目に焼けつけたいの、あなたの瞳を。表情を。
心に繋いでいたいの。あなたの温もり。
形のないものは、すぐにその姿を消してしまうけれど。
消えてしまったら私は、もう「私」に戻れない。










柊は静かに自室の襖を開ける。
政宗と話しているうちに月はすっかり高い空へと昇っていた。後はゆっくりとその姿を沈めていくのみだ。
開けた時と同じように、今度は襖をゆっくりと閉める。
まるで溢れ出そうになる何かを必死に押さえつけるように。
やがてパタンと襖と襖がぶつかり合う音が静かに聞こえる。


それが合図だったように、柊は力なくその場に崩れた。


「――・・・っ」


本当はずっと、政宗から話を聞いている時から堪えていた。
けれど政宗の前で涙を見せようものなら、察しの良い彼は何もかもを悟ってしまいそうで怖かった。
――ただでさえ、彼は自分でも気づいていなかった綻びを感じ取っていたから。


己を抱きしめるようにして、柊は声にならない言葉を呟く。


「父上・・・、どうして私を、――再び政宗さまと巡り合わせたのですか・・・・」


その言葉の真意を知るものは、ここにはいない。
亡き儀俊を思い浮かべる。果たして彼は意図的だったのか、それは柊にもわからなかった。


政宗が先ほど語ってくれた過去の話を思い出す。
まるでひとつひとつに触れるように優しく紡がれた言の葉。
それは「柊」にとっても大切な過去だった。
しかし、それを政宗に伝えるわけにはいかなかった。


柊には、「やらなければいけない事」がある。


今までずっと自分が縛られ続けてきたこと。
失った記憶。右腕の刺青。閉ざした力。


自分のことを、自分が一番知らなかった。


記憶を失い、身元の定かでない柊を本当の子供のように育ててくれた父上と母上。
屋敷の人たちは柊を特別扱いすることはなく、まるで家族のように接してくれた。

――私も、この人たちと共に、生きていいのだろうか。

そう思おうとすれば、いつも右腕の刺青が、お前には無理だと言うように、その存在をちらつかせた。


記憶を無くしても、どこかで体は覚えていたのだ。
自分は、普通の人間とは相容れぬ存在だということを。


だから、自分のことで大切な人たちに迷惑はかけたくなかった。
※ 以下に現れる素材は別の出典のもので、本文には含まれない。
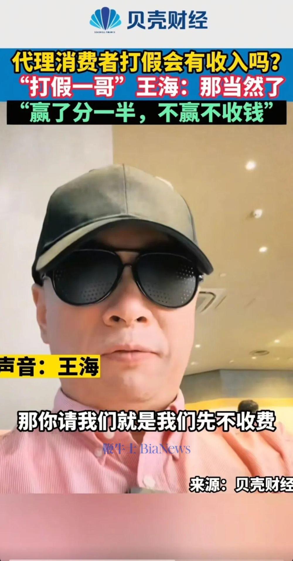 此前王海曾透露,他的团队一般是帮消费者维权后,分走一半的索赔金额。“比如你买了这个玉500块钱,但你打官司请律师可能要花5000。那你可以请我们来帮你维权,你赢了就分一半,不赢就不用给钱。”
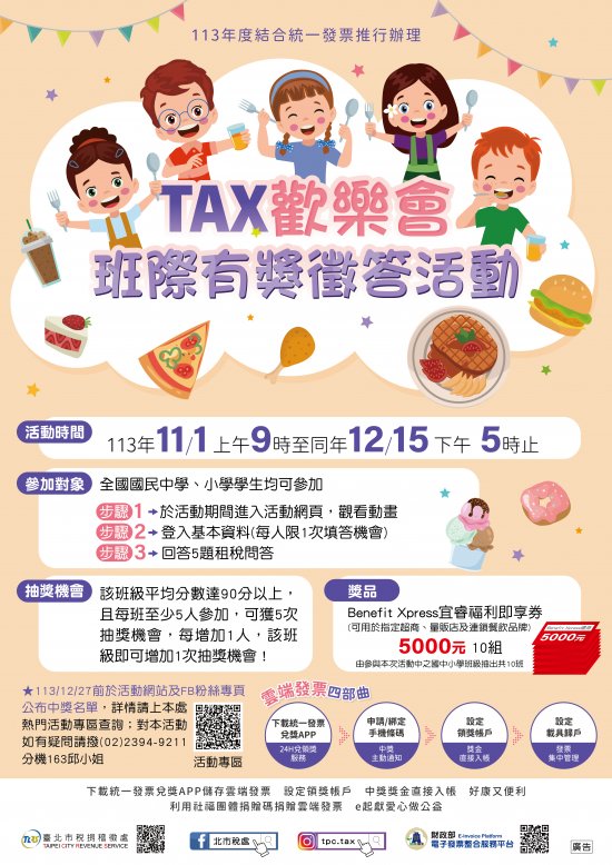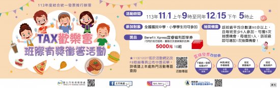 轉國中小生於 113/12/15 週三 17 時止的臺北市稅捐稽徵處舉辦「TAX 歡樂會班際有獎徵答活動」…

心配をかけたくはなかった。
辛くても平気なふりをしたし、眠れぬ夜も一人で乗り越えた。
いつしか涙を流すことさえ、忘れていた。


そんな柊を、変えようとしてくれたのは政宗だった。


辛いときは泣くこと、誰かに頼るということ、ひとりで無茶をすれば周りの人がどれだけ心配するか。
そんな、教えてもらわなくとも知っているような単純なことでさえ、柊は忘れてしまっていた。
全ては、不透明な自分自身の存在に対する不安感から。


政宗は、そんな柊の不安定さにも気づいていたのだろう。
しかし深く詮索してくることはなかった。
それも、彼の優しさなのだ。
そんな政宗に、いつしか柊は惹かれていった。この人を、守っていきたいと思った。


だが。


「大切なものを見つけて、ずっと私が守っていきたいと思った。そんなことを願ったから、きっと私は『全てを取り戻した』――」


あの人にとって一番危険を与えてしまうのは、『自分自身』だと。
そう遠くで嘲るように聞こえた気がした。


「――政宗さま・・・」


彼の、厳しくも優しい瞳を思い出す。
「そりゃ、ただのあんたの我侭に過ぎねぇぜ」
そう言って切なそうに歪んだ彼の横顔。桜を見上げる、優しい横顔。


「私、思い出しました。桜が好きな、もうひとつの理由」


今までに触れてきた、政宗の数々の温もりを思い出す。


「あの日と同じように、あなた様とまた桜を見れたこと、本当に奇跡のようです」


彼の優しい横顔が、幼い頃に出会った藤次郎と重なる。
その頃の面影はもうほとんど残っていなかったが、瞳だけはあの頃と変わらず同じ色をしていた。
母に嫌われ、皆から腫れ物扱いされていた時でさえ、瞳の奥に揺らめいていた闇にも似た光。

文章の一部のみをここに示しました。